Sunday, November 21, 2010

Tech question (blegging)

I used to use Vonage. I stopped the service a year or more ago. But my internet connection still runs through the Vonage router before heading down the Ethernet line to my computer. It's not doing any harm, but I can't see that it's doing me any good, either. So the question is this: is there any advantage to having a router stand between the cable modem and the computer, when there is only one device (the computer) that the signal goes to? I ask because I heard once that a router acts as a kind of firewall, even if you don't need it for connecting multiple devices to your cable modem. True? Or should I unplug and bypass the old Vonage router and save myself the few watts of power it draws?

12 comments:

Eddie said...

It does have an internal firewall, so there is some added security. The question is whether or not that firewall is redundant with the OS or security software firewall you already have installed on you PC.

IMO, it doesn't really hurt.

Crash said...

I don't know about the Vonage router, specifically, but, yes, a router provides good security. But unless you use a Mac, like all the cool kids, you will need even more protection. I use a router and a Mac, no other security, and have NO problems. Year after year.

Steve H said...

I'm fairly certain the vonage adapter is actually a switch and provides no firewall.

The real question is which device is doing NAT or do you have an external IP. Easiest way to tell is to open a dos prompt (Start > Run - cmd) and type ipconfig. If your IP address starts with 192.168 it's NAT'ed.

Unplug from the vonage adapter and plug into the cable modem. Repeat the ipconfig steps. If it's still an internal address then the vonage adapter adds no security.

If you went from internal to external then you should keep the adapter. If they were both external then the vonage adapter is still not doing anything and is safe to remove.

Crash said...

The Steve H advice is what you should use.

Mark T said...

Steve H's advice is good.

I would just add/clarify: if your IP address starts with 192.168, then it is an "internal" address, one that is only good from within your own home network and by definition is behind at least some level of "firewall".

If it starts with other numbers, then your address is likely "external", which is to say your machine is directly accessible from the internet and you must use some other form of firewall or security to prevent intrusions and breaches.

Troy Ohlsson said...

ya what they said 8-)

It should provide a hardware firewall, which, as mentioned, won't hurt and could only help. Unless it is just a switch which is more like a hub, but a smart hub. I believe that a switch does not provide a hardware firewall.

Anonymous said...

The above comments are correct...but...

The router serves to allow or disallow access to ports. Simply having a router plugged in does not mean you have a firewall. Most routers (esp. those sold to home consumers at places like BestBuy) are configured with all ports opened. If that is the case, then what your IP address is, whether it is NAT'd (192.xxx.xxx.xxx) does not matter when it comes to security and protection.

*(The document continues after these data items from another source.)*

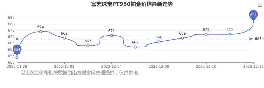 今日富藝珠寶所公布的 PT950鉑金最新價(jià)格為681.0元/克。
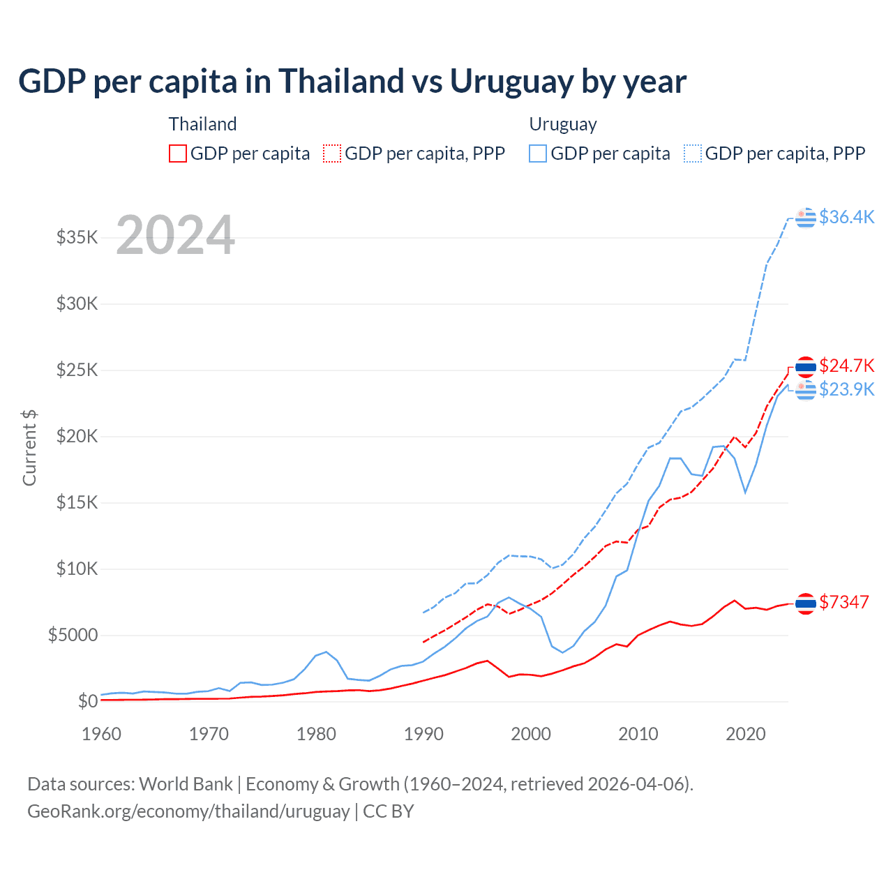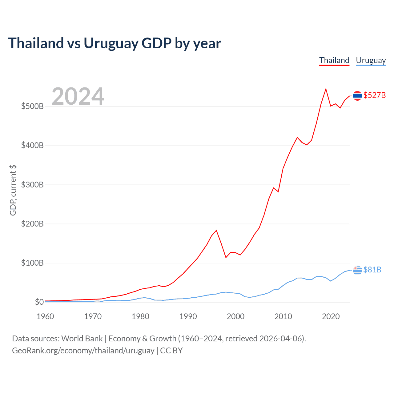 Thailand has a GDP of $527B compared to $81B for Uruguay, ranking 31/197 and 81/197 by economy size, respectively.
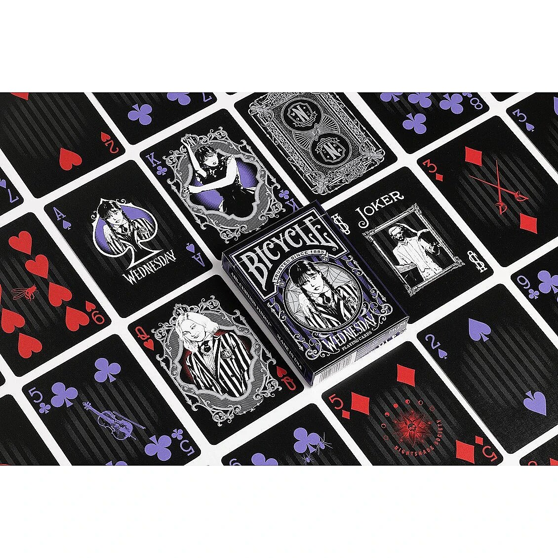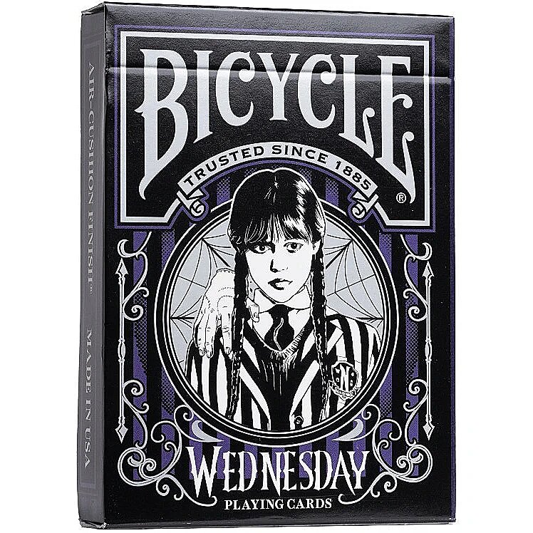Description - Wkrocz do mrocznego świata Akademii Nevermore z Bicycle Wednesday! Zainspirowana hitowym serialem Netflixa z Jenną Ortegą w roli Wednesday Addams; Twoja następna gra karciana to pełen emocji taniec z makabrą, gdy tasujesz atramentowo-czarne karty z ulubionymi przez fanów postaciami z serialu.

I mention this only so that you don't feel any false sense of security. There is no difference between leaving your Vonage router online and just plugging into your cable modem except for a slight but barely noticeable performance hit.

Steve H said...

What anonymous said is actually not at all correct.

While it is true that all OUTGOING ports would be enabled regardless of NAT, if your machine is NATed by the router there is zero chance that INCOMING ports will be mapped to it unless you specifically configure the port forwarding for that to happen.

There are some exceptions to this, most notably if your machine is plugged into a DMZ port or VLAN in your router (unlikely), or some uPnP applications which some devices (not your computer) export.

Jacob said...

One good solution if you have an old PC that isn't being used is to turn it into a hardware firewall. Fairly easy to set up and install, visit http://sourceforge.net/apps/trac/ipcop/wiki for more information.

Lag said...

What Steve H has written is 100% correct. NAT provides a level of security for inbound traffic, so that's a good thing.

Steve, want a job? I'm hiring (network manager)! :-)

Yury said...

I also have a Vonage box -- I'm still a subscriber. I also agree with everything Steve H. said.

Additional thoughts, all of which are very subtle:
- your router, and possibly your cable modem, can do NAT; it might already be doing this translation
- the Vonage box introduces an additional point of failure, which is annoying if/when you have a problem
- the Vonage box uses electricity, which is wasteful
- the Vonage box introduces a microsend delay on all network traffic.

If you aren't using it, get rid of it.

Rakewell said...

Interestingly, when I tried the with/with router experiment, it did change, from 192.168... to 70.173.... I take that to man that, contrary to expectations, the Vonage device really is functioning as a router and provides at least some incoming protection. Since it doesn't seem to be hurting anything, I guess I'll just leave it as is.

Thanks for the advice, everyone. I have the best readers!